Since nobody provided an answer to my question, I will answer myself.
As of August 2019, I am aware of ongoing BOINC project [1](https://boinc.thesonntags.com/collatz/).
By personal correspondence with Eric Roosendaal I found that this ongoing BOINC project is meant to disprove the Collatz conjecture by trying to find a counter-example.
The project started off in the middle of nowhere, at $2^{71}$ apparently, without specifying any arguments
why this was chosen or why this would be a sensible point to use. It looks like they have reached roughly $2^{72.3}$ or so.
No info is given as to whether all numbers up to that limit have indeed be checked.
As of August 2019, I am also aware of another ongoing project [2] by Eric Roosendaal. All numbers up to $2^{60} \approx 10^{18}$ have been checked for convergence.
In 2017, the yoyo@home project [3] [4] checked for convergence all numbers up to $10^{20} \approx 2^{66.4}$.
The paper by Tomás Oliveira e Silva [5] from 2010 claims that the author verified the conjecture up to $2^{62.3} \approx 5.76 \times 10^{18}$. Source: Tomás Oliveira e Silva, "Empirical Verification of the 3x+1 and Related Conjectures." In "The Ultimate Challenge: The 3x+1 Problem," (edited by Jeffrey C. Lagarias), pp. 189-207, American Mathematical Society, 2010.
The page [6] by Tomás Oliveira e Silva states that, in 2009, they verified the conjecture up to $2^{62.3}$.
Earlier, in 2008, Tomás Oliveira e Silva [6] tested all numbers below $19\times 2^{58}$.
Much earlier, in 1992, Leavens and Vermeulen verified the convergence for all numbers below $5.6 \times 10^{13} \approx 2^{45.67}$. Source: Leavens, G. T. and Vermeulen, M. "3x+1 Search Programs." Comput. Math. Appl. 24, 79-99, 1992.
By the way, the paper [7] from 2019 confirms to me that the largest integer being (consecutively) verified is about $2^{60}$, referring to above sources.

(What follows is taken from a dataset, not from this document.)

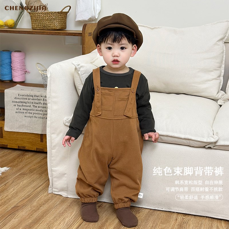 婴幼儿春秋季背带裤套装男宝宝卡通长袖T恤女童洋气连体裤打底衫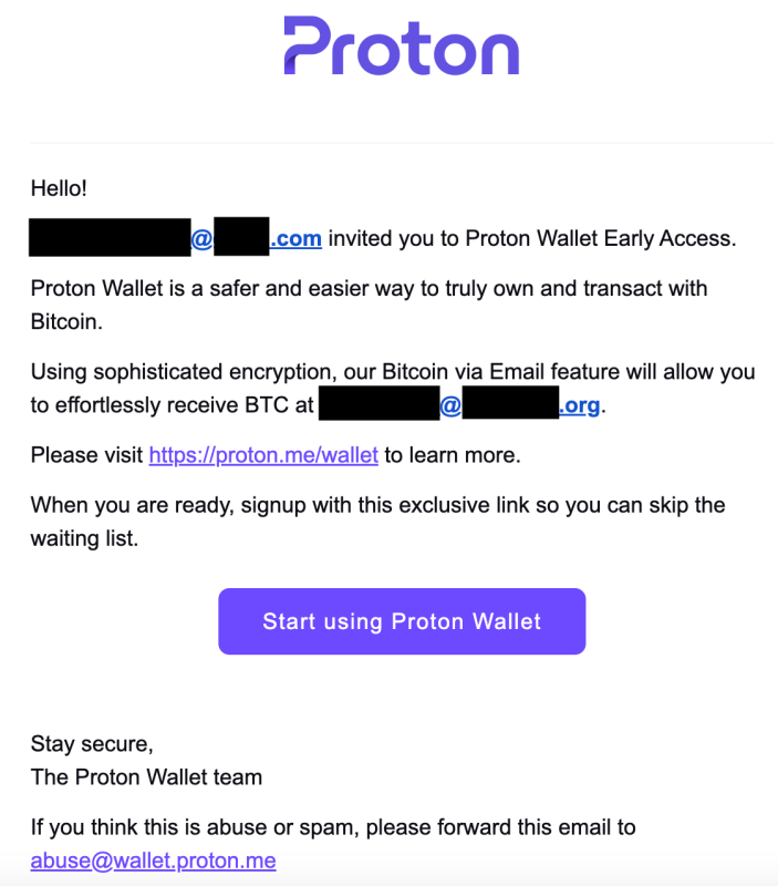 Once you’ve received an email invitation to use the wallet, you can click on the “Start using Proton Wallet” link in the invitation email to get started setting it up. (Email addresses have been blacked out below and throughout this review to preserve privacy.)

When I put it all together, I get the upper bound $2^{66.4}$.
UPDATE:
From September 2019 to May 2020, my project [8] managed to verify the Collatz conjecture for all numbers below $2^{68}$. So the current upper bound is $2^{68}$.
UPDATE 2:
On December 10, 2021, my ongoing project managed to verify the convergence of all numbers below $2^{69}$. As of October 19, 2022, the current bound is $645 × 2^{60}$ (≈ $2^{69.33}$).
UPDATE 3:
As of July 9, 2023, my project was finally able to verify the validity of the Collatz conjecture for all numbers less than $2^{70}$.
UPDATE 4:
On November 3, 2023, my project verified the validity of the Collatz conjecture for all numbers less than $1.5 \times 2^{70}$ ($= 1536 \times 2^{60}$).
This is the moment when the length of a non-trivial cycle raises to 355 504 839 929.
See the article from Hercher, C. (2023). "There are no Collatz m-cycles with m <= 91" (PDF). Journal of Integer Sequences. 26 (3): Article 23.3.5.